El cheque y la hormiga

Antonio Jiménez Barca

Al español que abre una cuenta bancaria en Francia le llaman la atención, sobre todo, tres cosas: la primera es la escrupulosidad con la que los directores de sucursal conceden un crédito inmobiliario. Hace años, cuando en España a uno le daban alegremente el 120% de lo que costaba el piso (¡ay! ¡qué tiempos los de la burbuja!), los estrictos banqueros franceses no otorgaban más de un innegociable 66%. Ahora es exactamente lo mismo.

La segunda es la obsesión por el ahorro del cliente, a veces a pesar del cliente mismo: a los pocos meses de que este corresponsal abriera una cuenta, una responsable del banco, algo extrañada del comportamiento mercantil de quien esto escribe, concertó una cita y le soltó lo siguiente: "Usted ahorra muy poco, monsieur". Tras las explicaciones improvisadas ("la vida está achuchada, señora; criar dos hijos cuesta mucho; soy un poco despistado"), insistió: "Debería tener un plan de ahorro, como la mayoría de los clientes". No lo decía por decir: la tasa de ahorro de Francia es de las más elevadas de Europa.
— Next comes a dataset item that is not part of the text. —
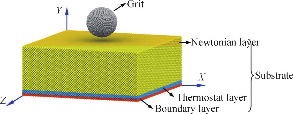 分子動力學( molecular dynamics, MD) 模擬可以通過高時間和空間分辨率可視化材料去除的細節,是一種適合研究原子級材料去除機理的方法。分子動力學模擬方法是一種包含例如幾何、速度和力等內在信息的綜合物理模型,這些可以用來推導化學機械拋光中原子運動軌跡、溫度和應力等。因此,分子動力學對于研究金剛石化學機械拋光的機理有著重要的意義。
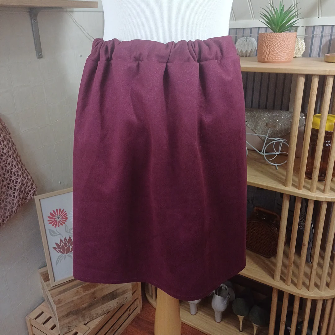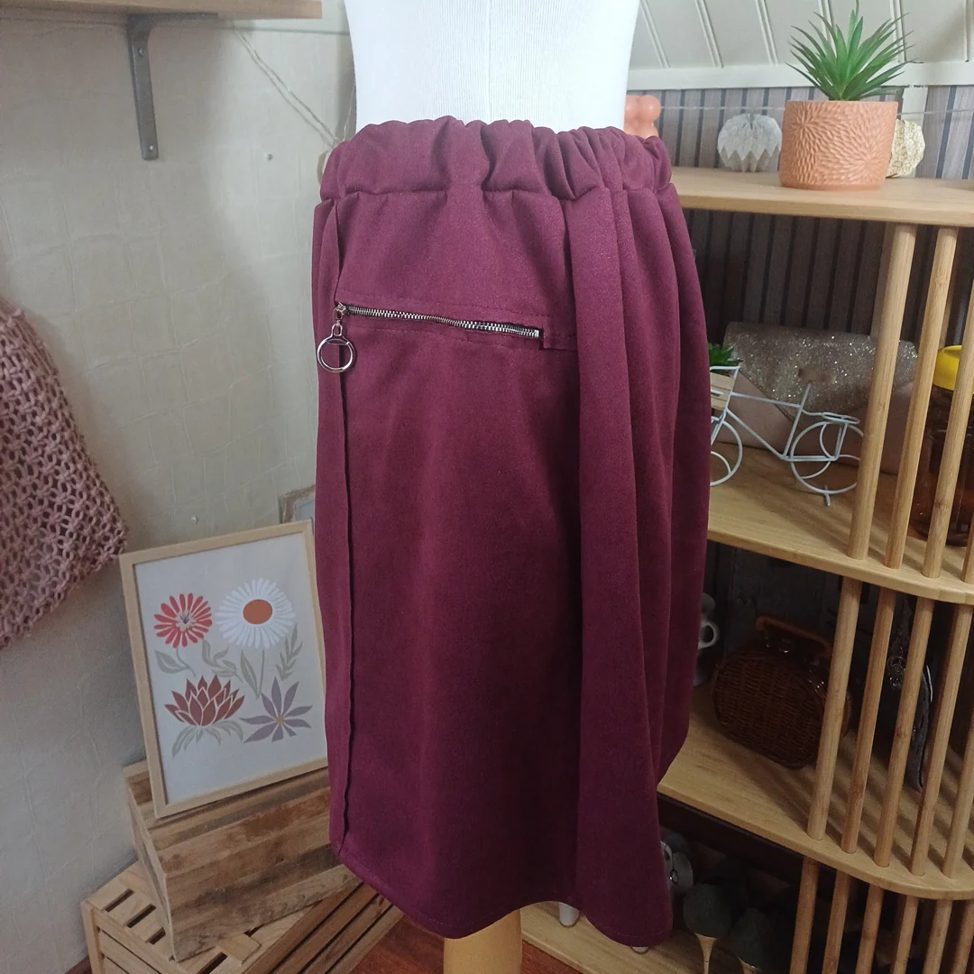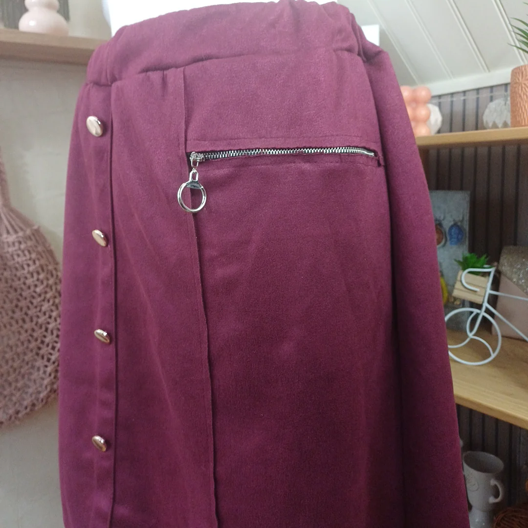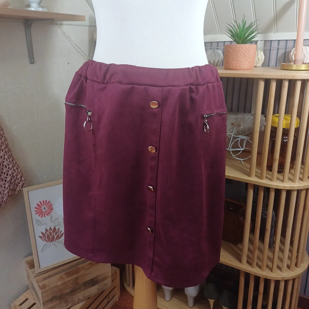 Jupe prune avec boutons et fermetures éclair Fantaisies au toucher peau de pêche, ceinture élastique, marque non indiquée, taille non indiquée conviendra pour une taille XL.

Un país de hormiguitas, dicen ellos.

En Francia los bancos no prestan más del 66% del valor del piso
Los franceses ahorran; gracias a eso el consumo no se ha desplomado

La tercera: junto al contrato de apertura, le endosan al cliente dos chequeras enormes que uno cree, erróneamente, que jamás usará.

Las dos primeras características influyen en la economía: la buena salud financiera de los franceses y la alta capacidad de ahorro permitió, por ejemplo, que el consumo no se desplomara en los peores años de la crisis. No hay estudios sobre lo que influyen los cheques en la economía, pero si alguien quiere hacer uno, que venga a Francia: los franceses firman el 62% de todos los cheques que circulan por Europa. Un francés utiliza al año, de media, 100. Un español, 10.

Para qué negarlo. Uno se aficiona al final: son imbatibles en el pago al fontanero o al electricista. Pero en Francia también se usan mucho para abonar el comedor de los niños en el colegio, o los cursos especiales, o en restaurantes. No es extraño que en la cola del supermercado un cliente tarde más de cinco minutos en rellenar parsimoniosamente un cheque mientras todos lo demás esperan sin impacientarse mucho porque lo consideran algo natural. También hay auténticos maestros del pago diferido: seres especiales que especulan con los días que tarda el cheque que acaban de firmar en cobrarse para jugar en la cuerda floja del descubierto y llegar así, con la lengua fuera, a fin de mes.

Tal vez los cheques no influyen en la crisis, pero la crisis sí que lo hace en los cheques. Conforama, una cadena de grandes almacenes de la periferia parisiense, ha decidido devolver por sistema los provenientes de determinadas localidades deprimidas de la zona. Para justificar su decisión, alegan que en los últimos tiempos se han incrementado los cheques sin fondos. Gilles Poux, alcalde de la Courneve, aseguraba el martes en Le Parisien que rechazar un cheque solo porque venga de una zona determinada constituye una forma clara de discriminación y aboga por una ley que prohíba esta práctica.

Tal vez la Asamblea Nacional acabe debatiendo el asunto. Mientras, las hormiguitas (yo me incluyo: la empleada del banco me convenció) seguiremos firmando cheques.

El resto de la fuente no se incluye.